As a cloud-based agent platform, Coze has one obvious shortcoming: it cannot directly access your local file system or intranet environment. This means it can't read local requirement documents, can't generate and execute automated test code locally, and can't access test environments restricted to the intranet.

For scenarios requiring deeper integration, consider the following local alternatives:

Develop local agents using frameworks like LangChain
Use tools like OpenClaw that deploy agents on your local machine

Local solutions can directly read requirement documents on your computer, generate and execute automation code locally, and access intranet test environments — capabilities that cloud-based solutions simply cannot replace.
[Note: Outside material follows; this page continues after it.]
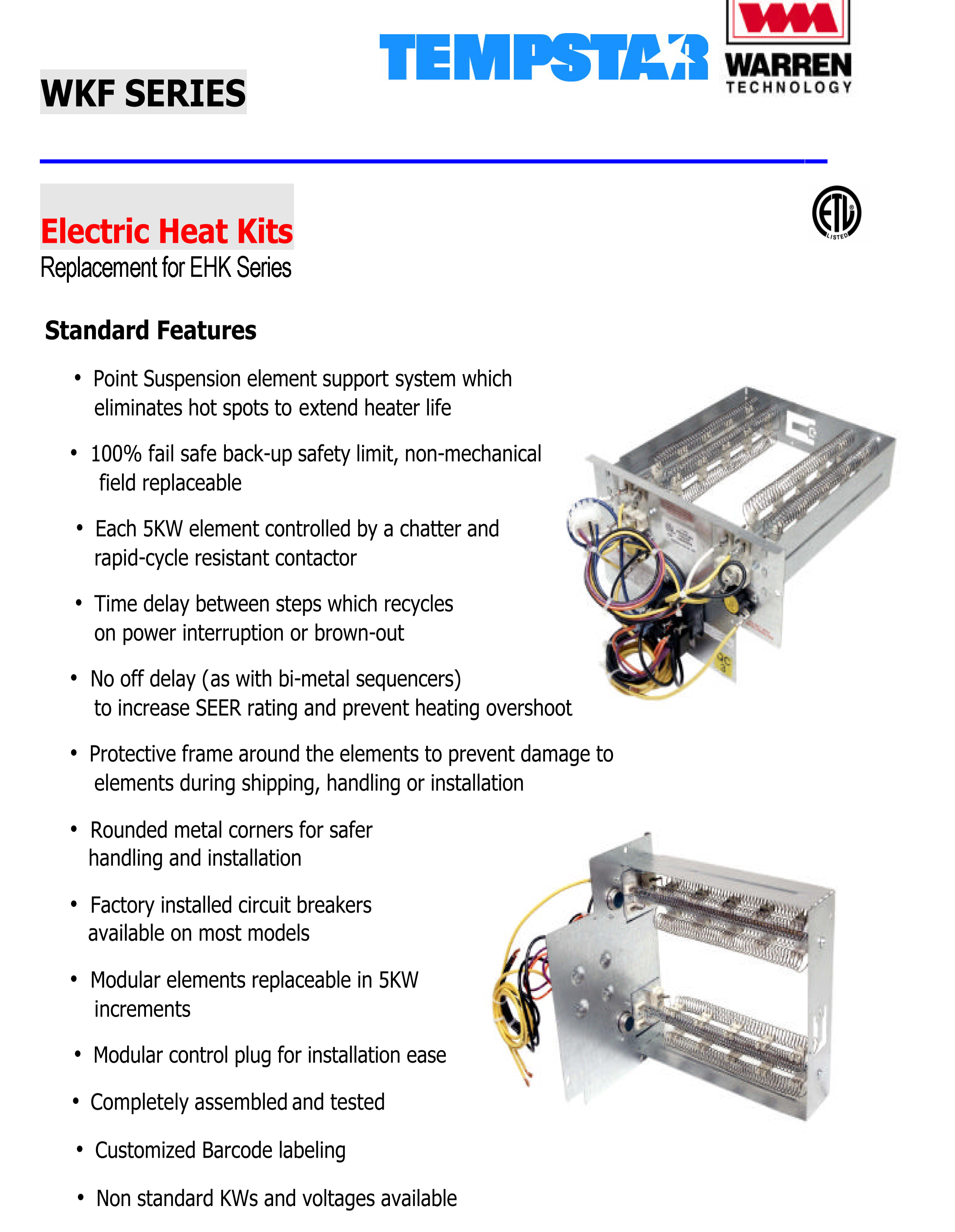 8 KW heat strip for Tempstar air handlers EB(P/X/V), WA, FE, FS, FV, FX WKF0802

Lessons Learned from Real-World Pitfalls

During the demonstration, the workflow timed out and failed because a single model ran for over 3 minutes. This is a typical real-world issue, and there are two approaches to solve it:

Optimize prompts to reduce the AI's reasoning depth and shorten single-node execution time
Use asynchronous task nodes instead of synchronous nodes to avoid timeout limits

Additionally, the workflow's description text is crucial for autonomous planning mode — it's the sole basis for the AI to decide whether to invoke that workflow. In dialog flow mode, descriptions can be brief, but for standard workflows, you must provide detailed explanations of purpose and trigger conditions.

Conclusion

Agents represent a qualitative leap in AI applications — from "Q&A tools" to "task executors." For test engineers, mastering the ability to build agents not only boosts current productivity but is also an essential skill for entering the AI testing domain. Starting with low-code platforms like Coze to understand core concepts, then gradually transitioning to local development, is a pragmatic learning path.